## Materials provided

____

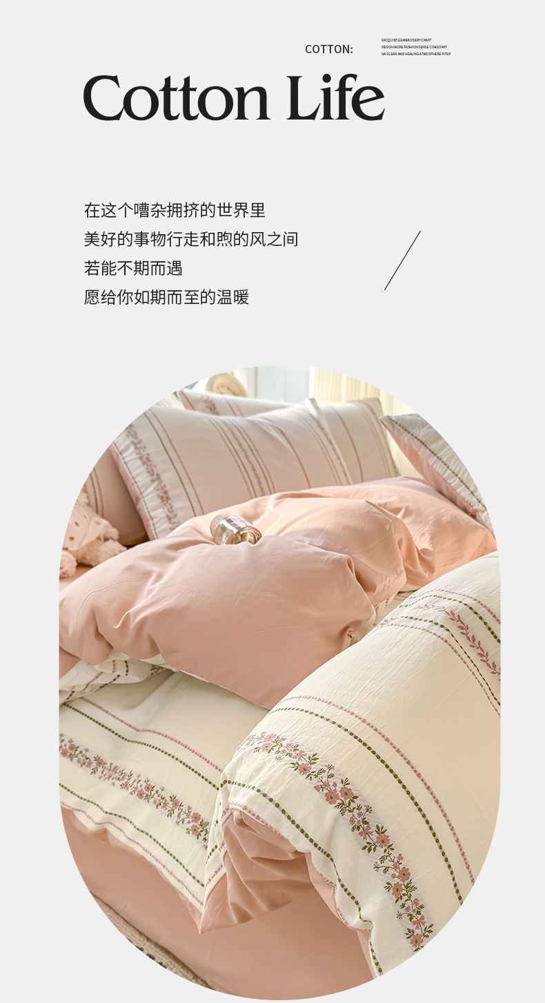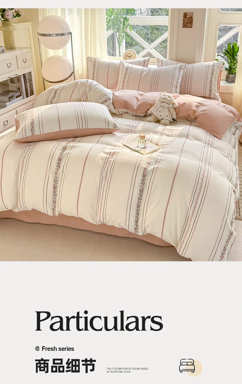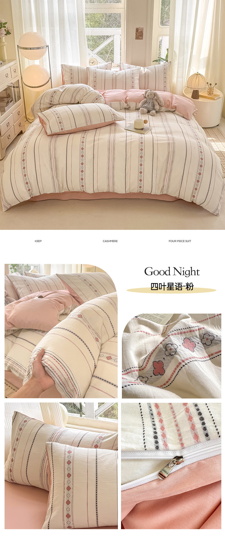 当前位置: 91家纺网 > 商品网购 > 床品套件 > 四件套 > 全棉普通四件套 > 灰鲸 2026新款A类全棉纯棉色织提花四件套 罗兰-粉
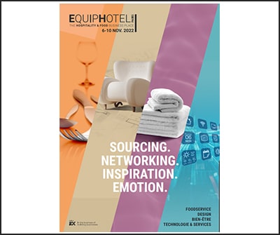 La prossima edizione di EquipHotel, la fiera internazionale leader per i professionisti del settore alberghiero e della ristorazione si svolgerà dal 6 al 10 novembre 2022 a Parigi Porte de Versailles, per scoprire tante novità di prodotto e servizi, per incontrare esperti e attori del settore CHR, per partecipare a convegni, workshop, masterclass, concorsi, scenografie e altri spazi esperienziali.
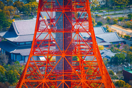 Tokyo Tower structure and temple. Shooting Location: Minato Ward, Tokyo
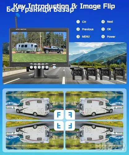 Стабилна безжична връзка – 2.4G честотно хопиране за силен и безпроблемен сигнал, подходящ за ремаркета и кемпери.
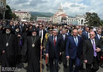 В праздничных мероприятиях также приняли участие второй Президент НКР Аркадий Гукасян, руководство Республики Арцах, правительственная делегация из Республики Армения, представители Диаспоры, гости из-за рубежа.
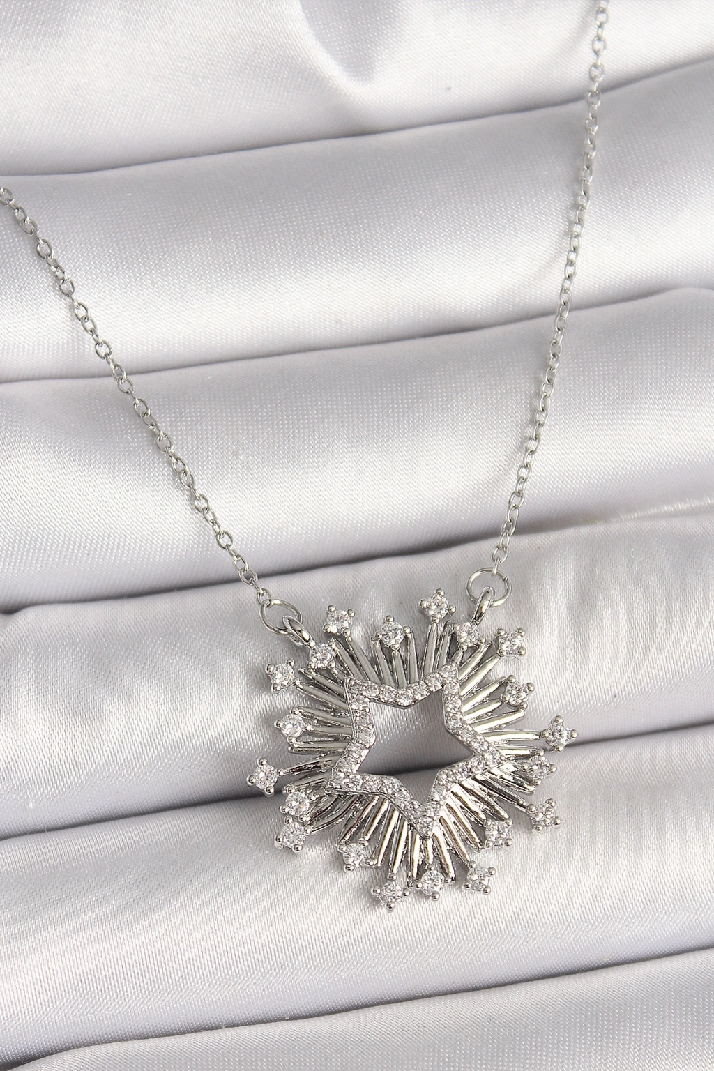 316L Çelik Gümüş Renk Zirkon Taşlı Yıldız Model Kadın Kolye
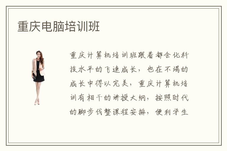 重慶計算機培訓計算機培訓班跟著都會化科技水平的飛速成長,也在不竭的成長中得以完美,重慶計算機培訓有相干的講授大綱,按照時代的腳步伐整課程安排,便利學生能夠實時學習到計算機的最新相干常識。重慶計算機培訓專業(yè)化強嗎?重慶計算機培訓機構引入先輩的培訓方式,植入先輩的培訓理念,議決師生的相同,實時加以教導。重慶計算機培訓哪家好?哪家性價比高?重慶計算機培訓班推薦電腦學校
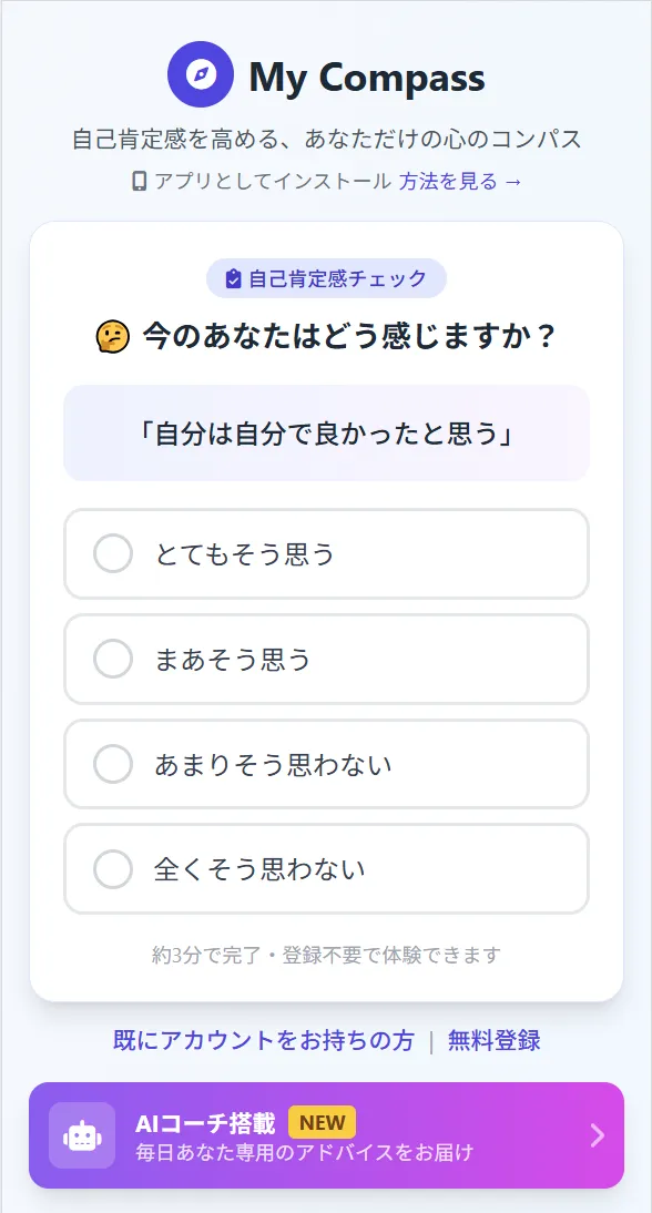 Noriko Kudo emphasizes, "Self-esteem is not merely an innate trait; it can be cultivated through small daily habits. After over 20 years of promoting self-esteem awareness, I've concluded that a persistent tool is necessary for continuous improvement. My Compass serves as that supportive partner, guiding users daily towards self-appreciation and growth."

____

## About this exercise
Print from the line containing "В праздничных мероприятиях" through the line containing "重慶計算機培訓計算機培訓班跟" in the data above, exactly as the lines stand, and omit every picture.

## Problem solution
 В праздничных мероприятиях также приняли участие второй Президент НКР Аркадий Гукасян, руководство Республики Арцах, правительственная делегация из Республики Армения, представители Диаспоры, гости из-за рубежа.
 316L Çelik Gümüş Renk Zirkon Taşlı Yıldız Model Kadın Kolye
 重慶計算機培訓計算機培訓班跟著都會化科技水平的飛速成長,也在不竭的成長中得以完美,重慶計算機培訓有相干的講授大綱,按照時代的腳步伐整課程安排,便利學生能夠實時學習到計算機的最新相干常識。重慶計算機培訓專業(yè)化強嗎?重慶計算機培訓機構引入先輩的培訓方式,植入先輩的培訓理念,議決師生的相同,實時加以教導。重慶計算機培訓哪家好?哪家性價比高?重慶計算機培訓班推薦電腦學校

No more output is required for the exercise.